Table 3. Exploratory Outcomes Representing Health-Related Quality of Life.

Exploratory outcomes	Patients with measurement				Between-group difference
	Pamrevlumab (n = 181)		Placebo (n = 175)		Absolute difference (95% CI)	P value
	No. (%)	Change in outcome, least-squares mean (SD)	No (%)	Change in outcome, least-squares mean (SD)
Quantitative lung fibrosis volume, mLa	157 (86.7)	251.4 (478.14)	143 (81.7)	268.0 (465.87)	−16.58 (−103.21 to 70.05)	.71
St George’s Respiratory Questionnaire scoreb	153 (84.5)	11.3 (25.47)	133 (76.0)	12.1 (24.86)	−0.72 (−5.44 to 3.99)	.76
University of California San Diego–Shortness of Breath Questionnaire scorec	147 (81.2)	19.6 (34.51)	129 (73.7)	20.5 (34.00)	−0.91 (−7.40 to 5.59)	.78
Leicester Cough Questionnaire scored	154 (85.1)	−2.4 (6.00)	137 (78.3)	−2.7 (5.78)	0.36 (−0.73 to 1.46)	.52

^a This computer-assisted quantitative scoring system measures the degree and progression of lung fibrosis viewed by high-resolution computed tomography. Volumes range from 0 mL to maximum lung volume; greater volumes represent increased fibrosis.

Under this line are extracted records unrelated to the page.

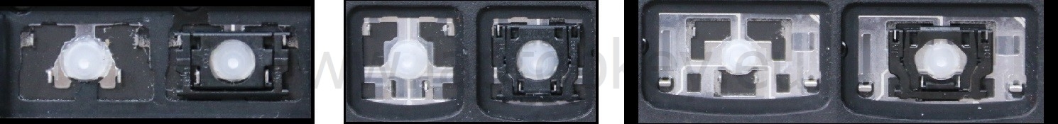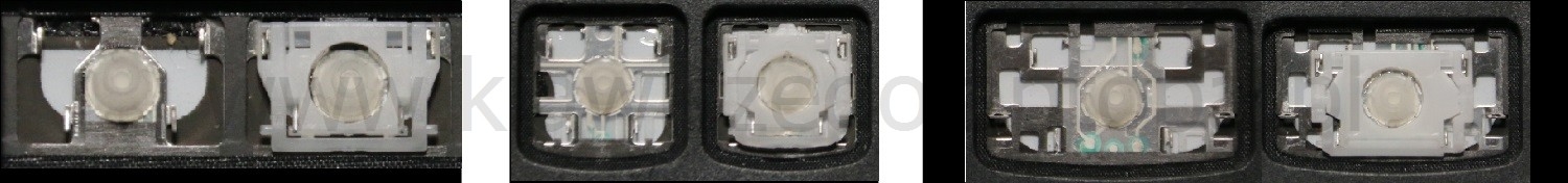 *Zdarza się, że w poszczególnych modelach klawiatury stosuje się więcej typów mocowań niż te trzy pokazane na zdjęciach; niektóre klawisze mają też metalowe zawiasy.
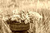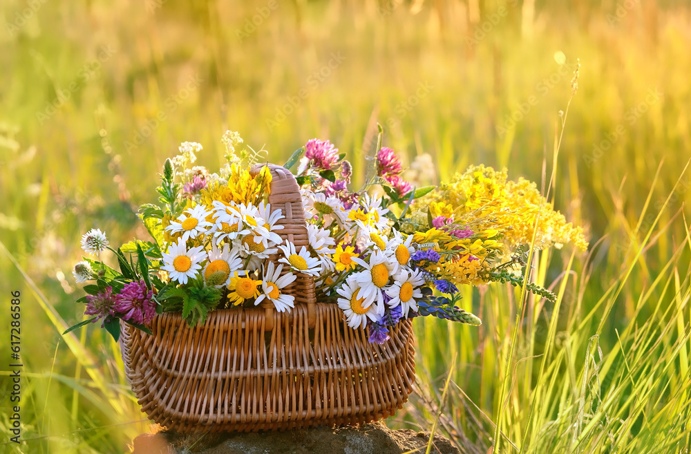 Summer background. colorful flowers and herbs in wicker basket on meadow, abstract sunny natural background. Useful medical plants harvest. beautiful image of wild nature. template for design.
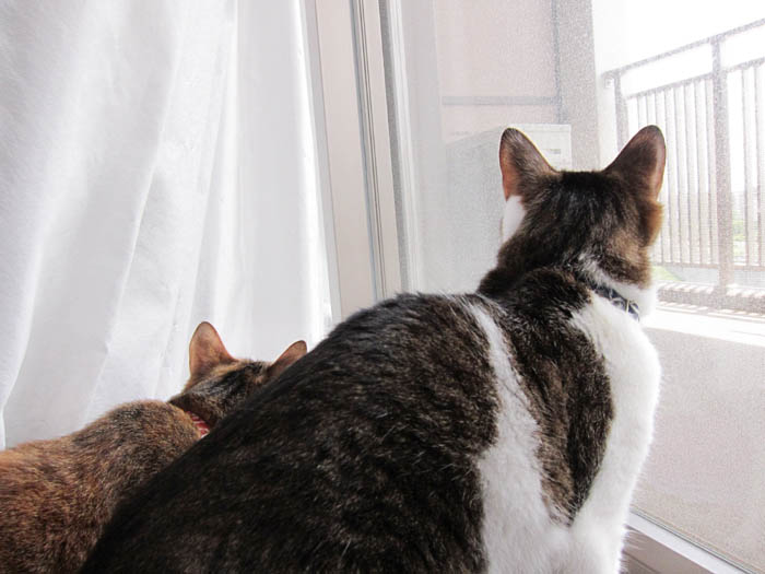 2011年 5/18(水) 1005日目のぴっち♀とぽっけ♂ ~プロレスのような~ぽっけ♂の大好きな【髪ゴムちゃむちゃむ】。こだわりがあるようです。ドアのガラス窓を2匹が……。
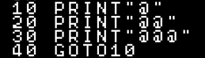 そしてこのプログラムがいつまで続くかを子どもたちに改めて問い、これは無限ループであり、コンピュータは疲れたり飽きたりせずに、プログラムを実行し続けることを伝えます。これこそがコンピュータの最も重要な特質であることを理解させ、この後に「RUN」実行したらどうなるかを予想させるのです。またこの時に、「コンピュータは作成されたプログラムを高速で実行(処理)する」ことも必ず伝えます。
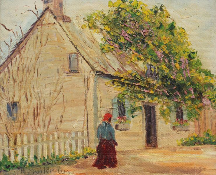 Hildegard Muller ( 1919 - ) is a German painter. Hildegard Muller s works have been auctioned off multiple times, with realized prices varying according to the size and medium of the artwork, for instance of 1000 USD for St. Augustine Street Scene depicting a Black Woman Outside a St. Augustine House in 2013
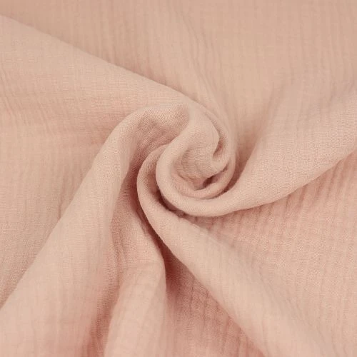 Unser hautfarbener Bio Baumwollmusselin hat einen besonders weichen Griff. Der luftig, lockere Stoff besteht aus drei punktuell verbundenen Schichten und hat eine gecrinkelte Oberfläche. Vorder- und Rückseite sind gleich.

^b The score range is from 0 to 100; lower scores indicate better health and fewer symptoms. A score between 25 and 50 indicates moderate impairment. A score greater than 50 indicates severe impairment in health-related quality of life and the ability to complete activities of daily living.

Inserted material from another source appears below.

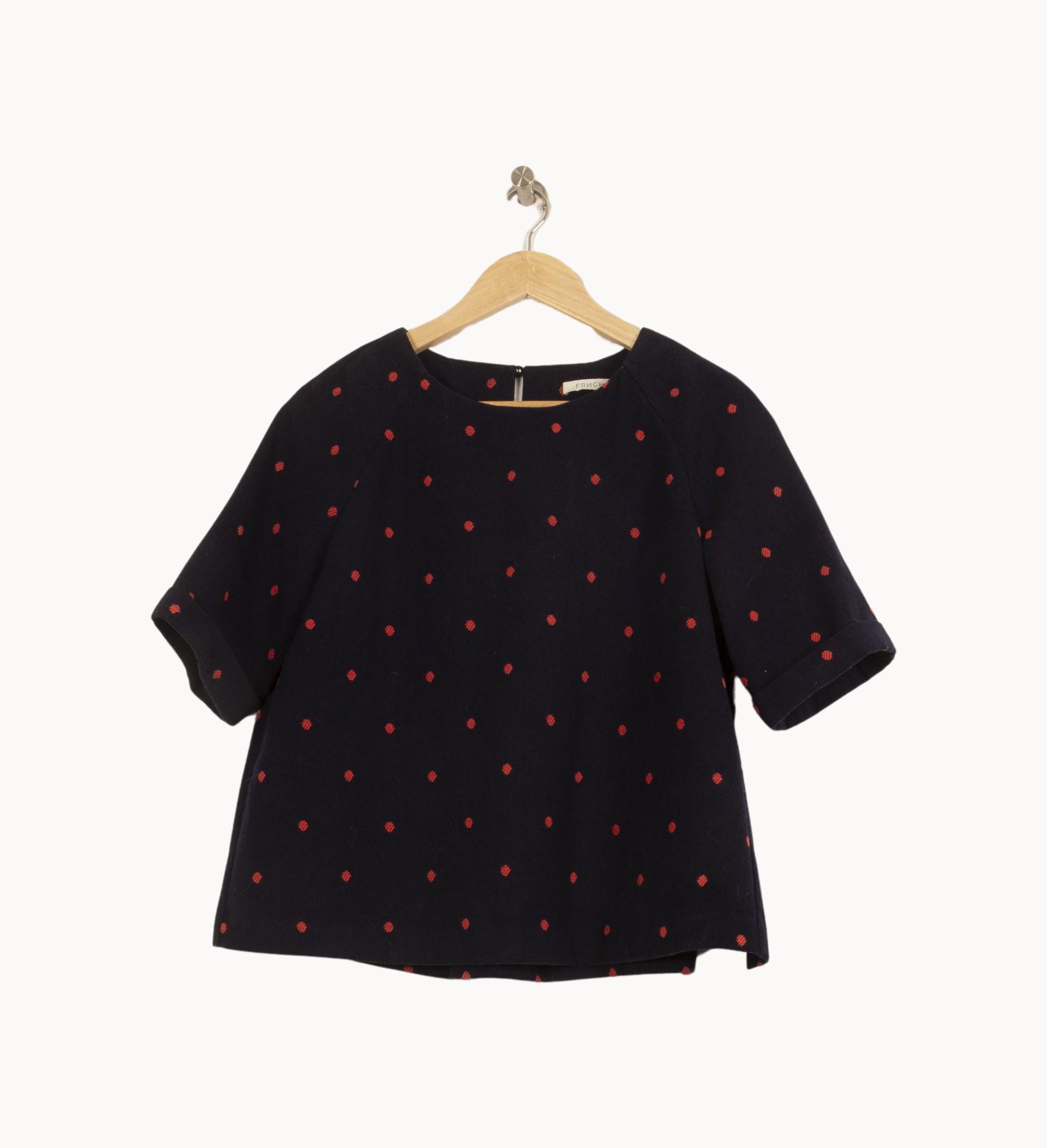 Top bleu à pois rouges FRNCH, taille M/38 : un vêtement moderne et élégant à la coupe droite, signé par la marque FRNCH. Confectionné dans une matière douce et structurée, ce top se distingue par ses manches courtes et son motif de petits pois rouges réguliers, apportant une touche graphique et sophistiquée à la pièce. Ce modèle est idéal pour un déjeuner chic entre amies ou une sortie citadine.

^c The score range is from 0 to 120; lower scores indicate lower severity of shortness of breath. A score between 20 and 60 indicates moderate shortness of breath. A score of 60 or greater indicates severe shortness of breath that would have an effect on daily living and health-related quality of life.

^d The score range is from 3 to 21; lower scores indicate greater health impairment due to cough. A score between 14 and 17 indicates moderate impairment due to cough. A score greater than 17 indicates severe impairment that would have an effect on daily living and health-related quality of life.